We previously have shown the feasibility of duodenum sparing using a biodegradable hydrogel spacer in pancreatic cancer radiation therapy. In this study, we propose an overlap volume histogram (OVH) prediction model to select patients who might benefit from hydrogel placement and to predict the hydrogel spacing required to achieve clinical constraints. OVH metrics for the duodenum were collected from the stereotactic body radiation therapy plans of 232 patients with unresectable pancreatic cancer (33Gy in 5 fractions). OVH metrics L9cc and L3cc were defined as the tumor volume expansion distance at which 9cm3 and 3cm3 volumes of the duodenum overlap with tumor. D9cc and D3cc of the duodenum were defined as the dose-volume histogram dose to 9cm3 and 3cm3, respectively, of the duodenum. Prediction models were established by linear regression between Lx and Dx, where x=3cm3 and 9cm3. OVH thresholds were obtained for predicting the target spacer thickness. The accuracy of the prediction model was then evaluated using treatment plans on pre-and post-hydrogel injection computed tomography scans from 2 cadaver specimens and 6 patients with previously treated locally advanced pancreatic cancer with simulated spacer. Linear regression analysis showed a significant correlation between Lx and Dx (r2=0.51 and 0.51 for L3cc-D3cc and L9cc-D9cc, respectively; both P<.01). The OVH thresholds were Lˆ3cc=7mm and Lˆ9cc=13mm. The observed planning doses D3cc and D9cc of duodenum from pre-and post-hydrogel injection computed tomography scans of cadaver specimens and clinical patients with simulated spacer using predicted target spacer thickness were within the OVH model prediction range. Our model may predict which patients require placement of a hydrogel spacer before stereotactic body radiation therapy to meet predefined dose constraints. Furthermore, by predicting the required target hydrogel thickness, the spacer injection can be better guided to improve efficacy.

Highlights

  • Pancreatic cancer is the third most common cause of cancer-related death and remains the most devastating cancer, with a 5-year relative survival rate of merely 8% in the United States [1]
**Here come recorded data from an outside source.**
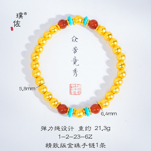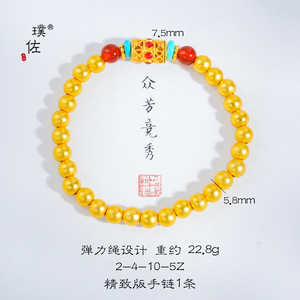 璞佐金店同款沙金仿绿松石红玛瑙金珠手链新中式多宝手串送女友
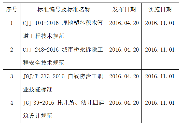 2016年11月開始實(shí)施的工程建設(shè)標(biāo)準(zhǔn)
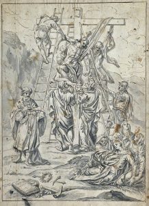 [Fin 17e siècle]. DESSIN ORIGINAL, plume à l'encre bistre et lavis à l'encre grise, 31,7 x 23,2 cm, papier vergé non filigrané (pet. ou faibles taches brunes ou grises). Trois hommes montés sur des échelles descendent le corps du Christ que Saint Jean et deux apôtres accueillent au pied de la Croix. Un soldat romain tenant une échelle, un dignitaire juif, quatre pleureuses assises et des instruments complètent la scène.
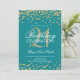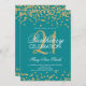 Gold Teal Blue Glitter Confetti 21st Birthday Invitation
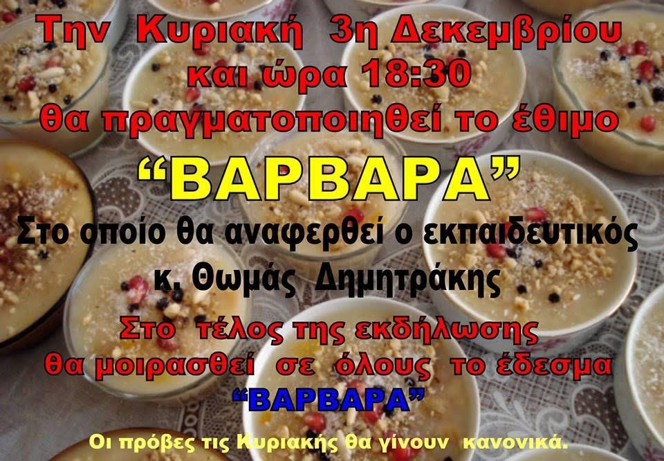 Την ερχόμενη Κυριακή 3 Δεκεμβρίου στις 6.30 το απόγευμα θα πραγματοποιηθεί όπως κάθε χρόνο στα γραφεία της Θρακικής Εστίας Βέροιας (οδός Κυριωτίσσης 3Α) το θρακιώτικο έθιμο της Βαρβάρας. Για το έθιμο θα αναφερθεί ο εκπαιδευτικός Θωμάς Δημητράκης, ενώ μετά το τέλος της ομιλίας θα μοιρασθεί σε όλους η πατροπαράδοτη θρακιώτικη «Βαρβάρα».
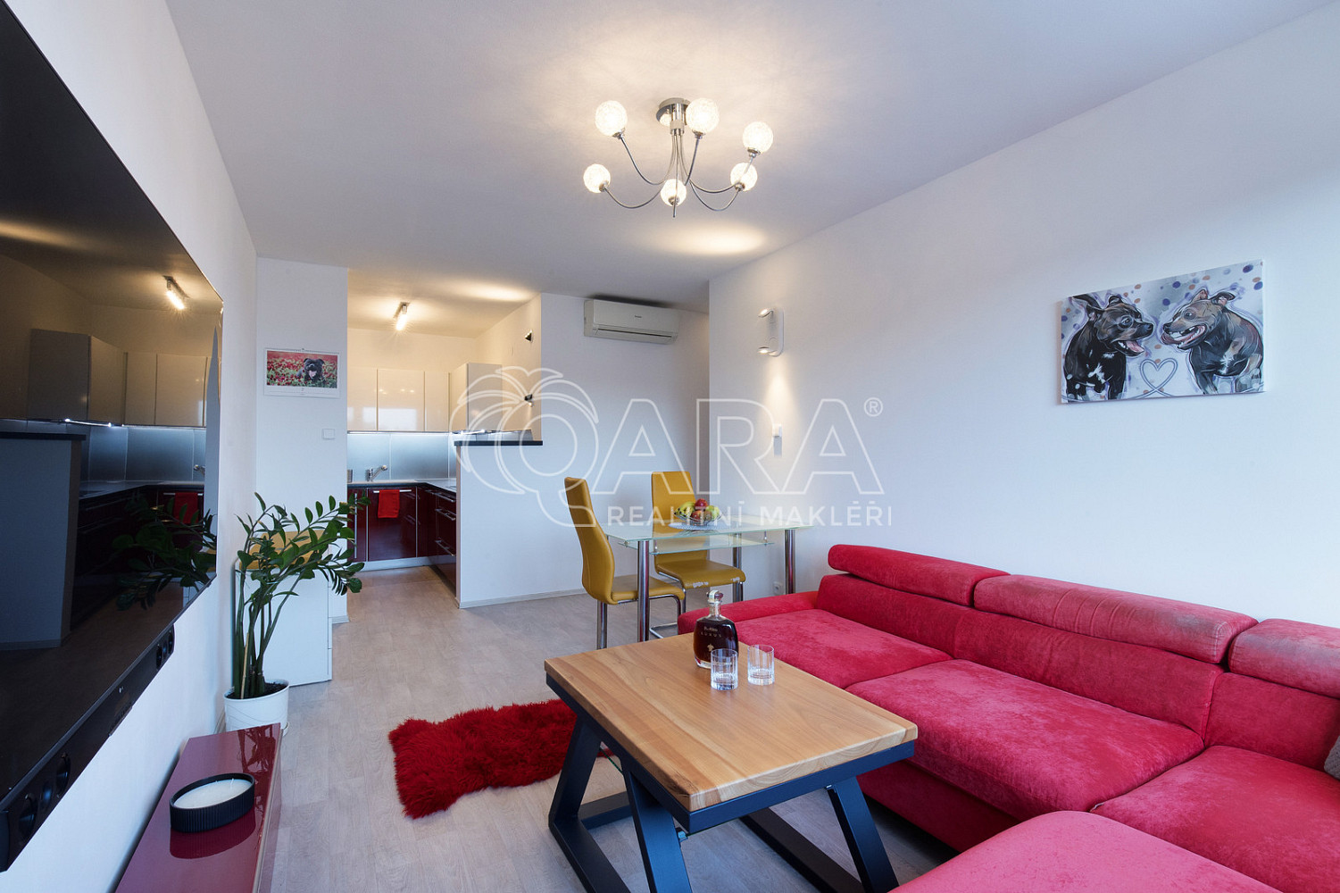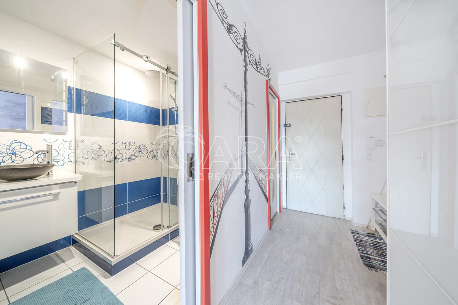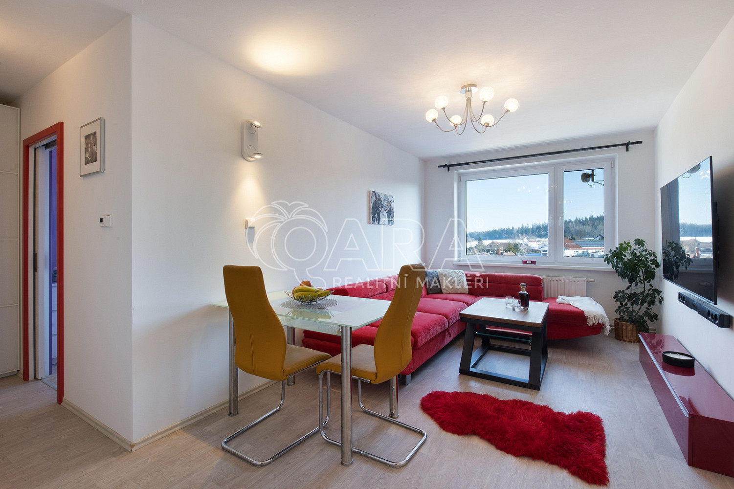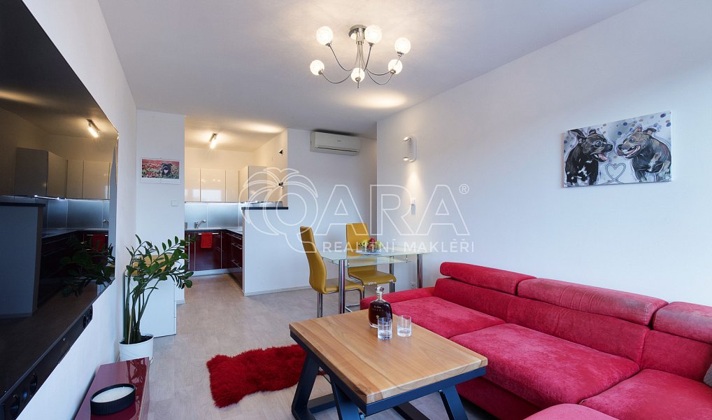Byt je po kompletní rekonstrukci, hýří barvami a má mnoho nadstandardních prvků – klimatizaci (umí i topit), velký sprchový kout, bodová světla, posuvné dveře nebo hlukově izolované stěny a podlahy. Provozní náklady jsou nízké, celkem asi 4 000 Kč pro 2 osoby. V kuchyni je zánovní plynový kondenzační kotel pouze pro tento byt. Ta je plně vybavena všemi elektrospotřebiči a kvalitním nábytkem. Okna bytu směřují na jihovýchod a je z nich krásný výhled do okolí.
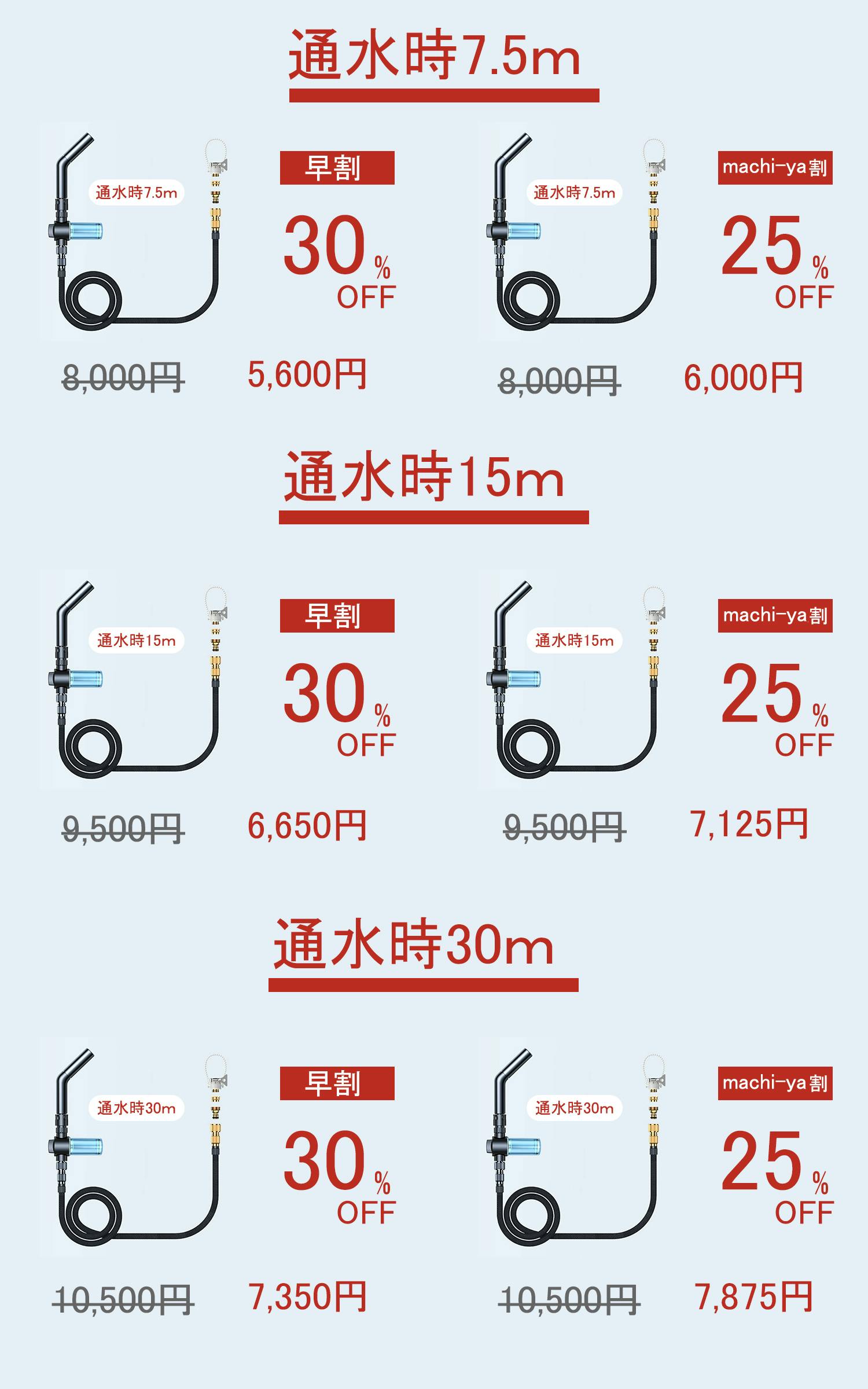ホースの長さ:通常2.5M/5M/10M ⇒ 通水時7.5M/15M/30M
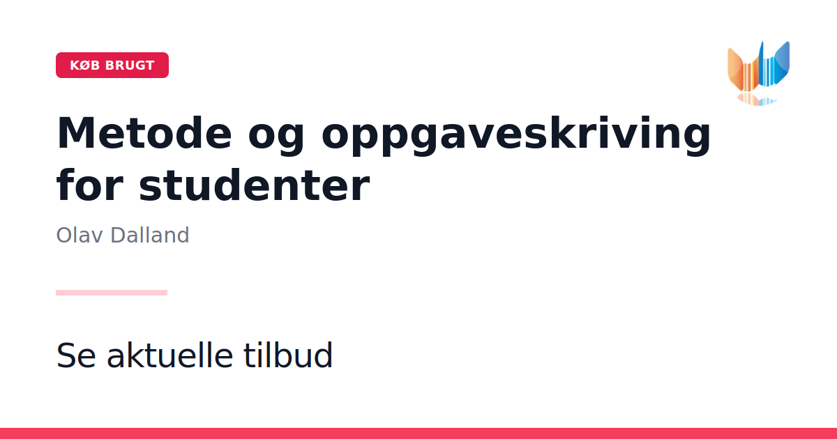 Metode og oppgaveskriving for studenter af Olav Dalland er en grundlæggende guide til at mestre opgaveskrivningsprocessen for studerende. Bogen fra 1997 præsenterer en systematisk tilgang, der hjælper med at omsætte teori til praksis, hvilket er særligt værdifuldt inden for sundheds- og socialuddannelserne. Med en klar og overskuelig struktur giver Dalland praktiske metoder og teknikker, som understøtter udviklingen af en velfunderet opgave. Teksten er pædagogisk opbygget og tilbyder en række eksempler og råd, der gør det nemmere at nedbryde komplekse emner til håndterbare dele. På 182 sider præsenterer bogen et alsidigt redskab for både nybegyndere og erfarne studerende, der ønsker at forbedre deres skrivefærdigheder. Metode og oppgaveskriving for studenter er derfor et uundværligt værktøj til dem, der søger at styrke deres akademiske kompetencer.
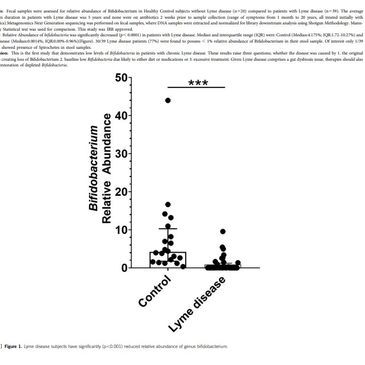 Lyme disease is a poorly understood condition which starts with a rash but may continue with chronic fatigue and neurological symptoms. Approximately 1 in 5 early Lyme disease patients have GI symptoms, such as nausea, anorexia, abdominal pain, or diarrhea. Lyme disease is thought to be cased by microbes in the spirochetes phylum transmitted by black legged ticks. Lyme-related healthcare costs in America exceed 1.3 billion dollars annually. Bifidobacteria are known for their beneficial probiotic actions within the human gut microbiome. Their numbers are reduced in severe COVID-19, Clostridioides difficile infection and Inflammatory Bowel Disease. To our knowledge Bifidobacteria levels have not been studied in Lyme disease patients. Given the importance of Bifidobacterium abundance in other diseases, we focused on relative abundance of Bifidobacterium in fecal samples of patients with Lyme disease compared to controls. [...]
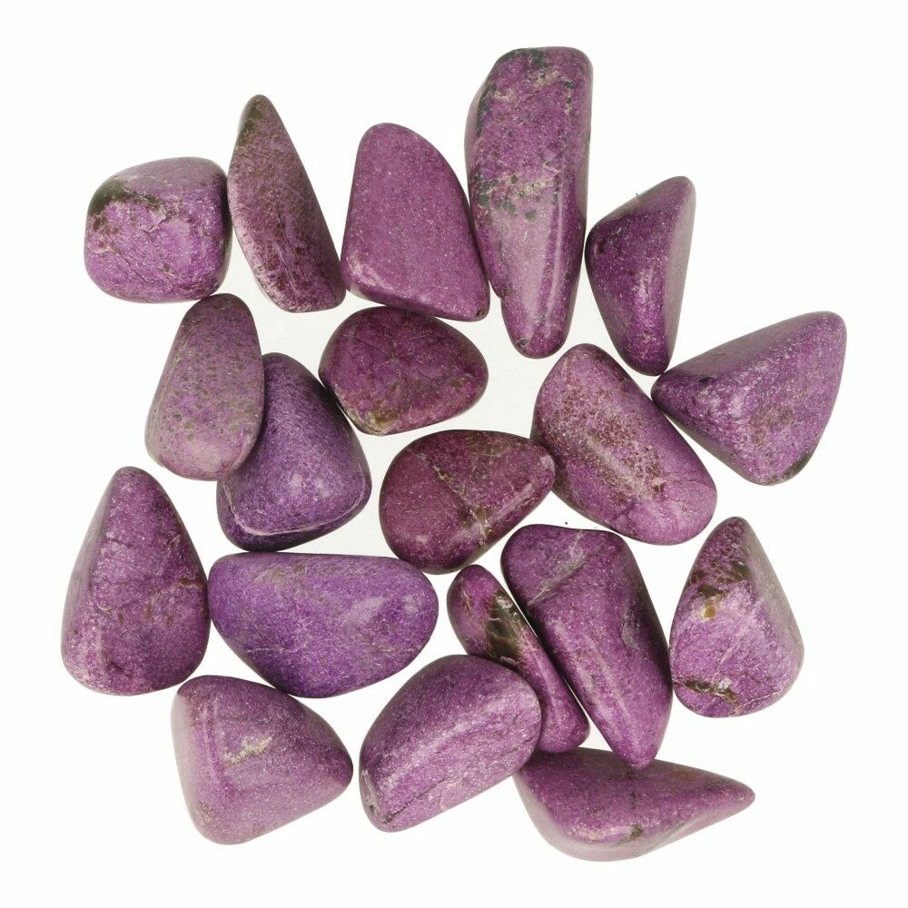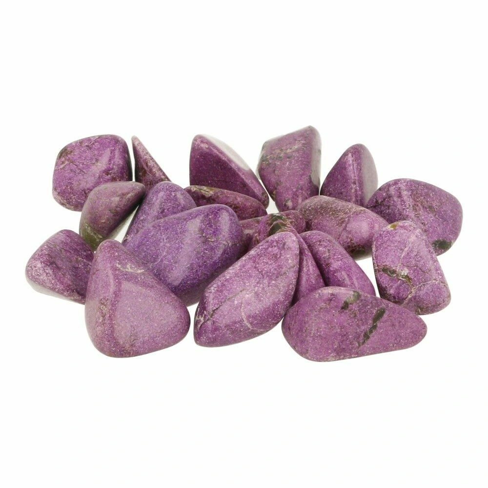 Fraaie paarse stichtiet trommelsteen of kleine knuffelsteen uit Zuid-Afrika. De afmeting van deze stichtiet trommelsteen is ongeveer 2,5-3cm aan de langste zijde. Je ontvangt een soortgelijke stichtiet trommelsteen als op de foto.
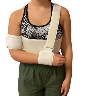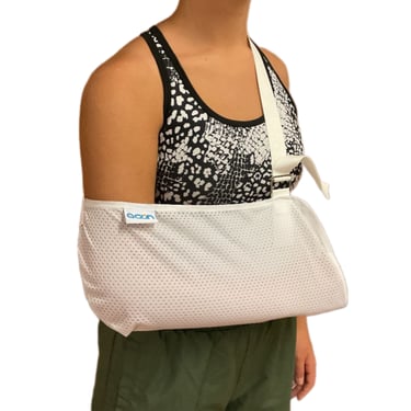 AS109 Perforated arm sling: Device made of perforated synthetic fabric to ensure a better breathability. Equipped with a thumb support that prevents the wrist from falling. Closure by strap and self-locking buckle. Ambidextrous; available in a single colour (white). Available in four sizes.
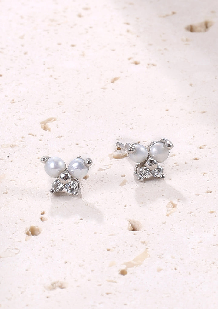 Made from sterling silver with natural pearls and zirconia stones. Thin posts with silver butterfly clasps.
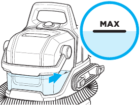 - Opróżnij zbiornik na brudną wodę, gdy woda osiągnie linię "MAX". Nie przepełniaj zbiornika wodą.
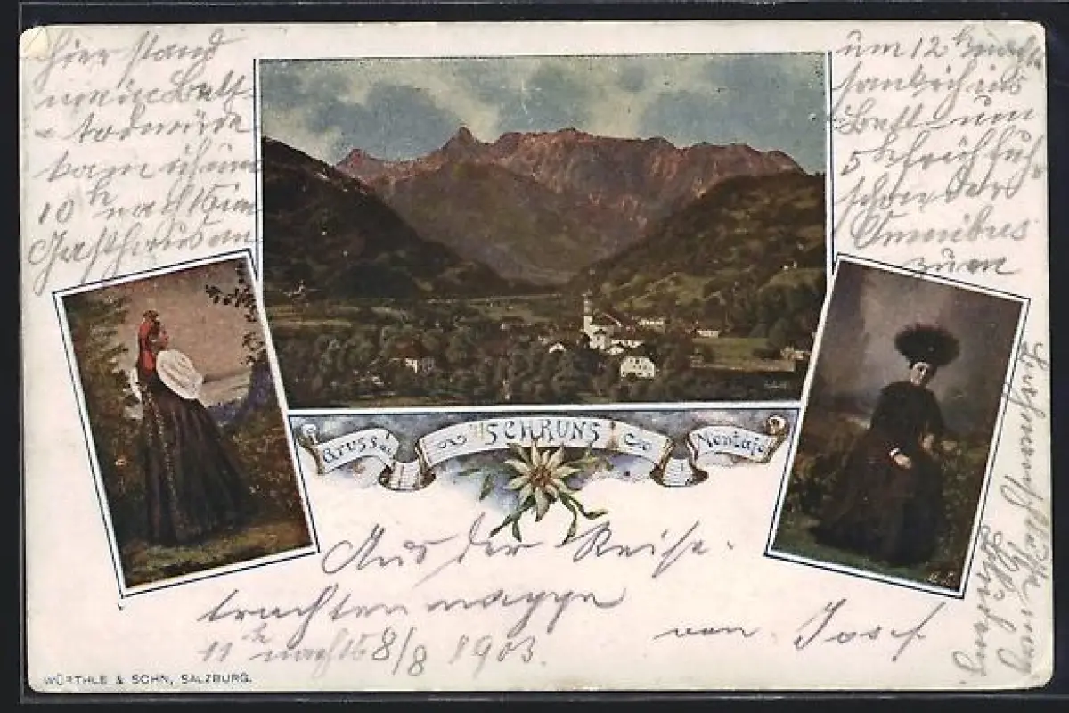 AK Schruns /Montafon, Teilansicht des Ortes und zwei Frauen Trachten
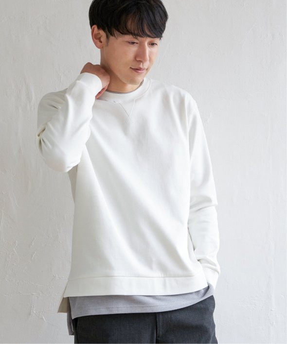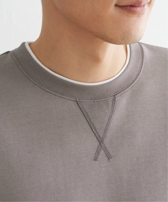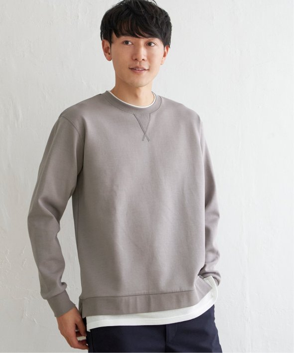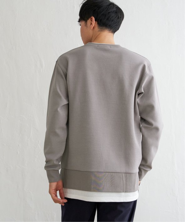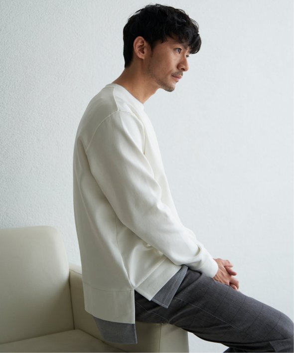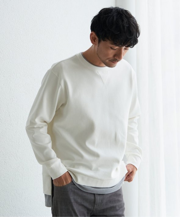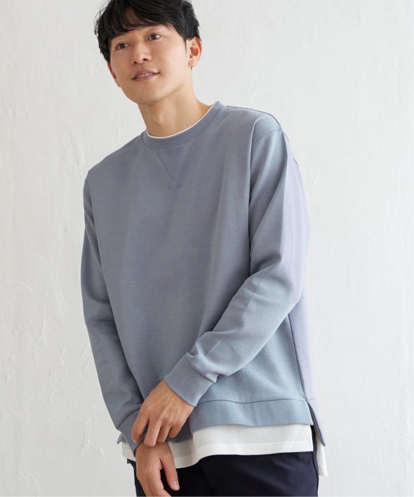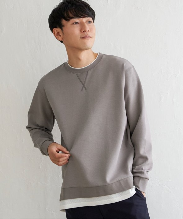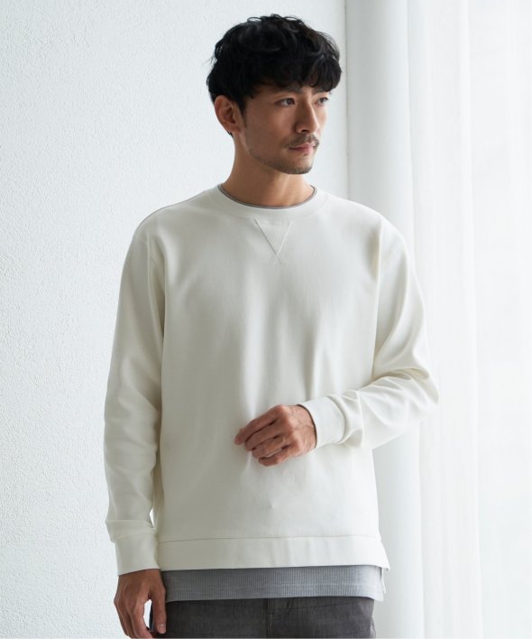 襟周りと裾がフェイクレイヤードになった、クルーネックのプルオーバー。
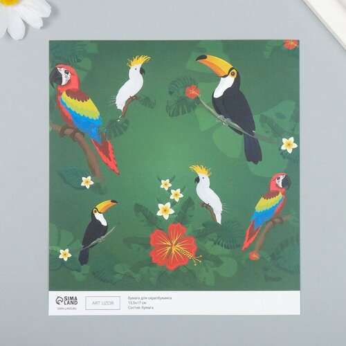 Бумага для скрапбукинга "Экзотические птицы" плотность 180 гр 15,5х17 см

  • We propose an overlap volume histogram (OVH) prediction model and workflow to guide the selection of patients with borderline resectable or locally advanced pancreatic cancer (BR/LAPC) without duodenal invasion who may benefit from placement of a hydrogel spacer to achieve predetermined clinical dose constraints

  • For patients flagged by the model for whom spacer placement would be recommended to achieve a clinically acceptable plan, the prediction model can be used to predict a minimum target spacer thickness needed to separate the duodenum from the planning target volume (PTV) in the head of the pancreas (HOP)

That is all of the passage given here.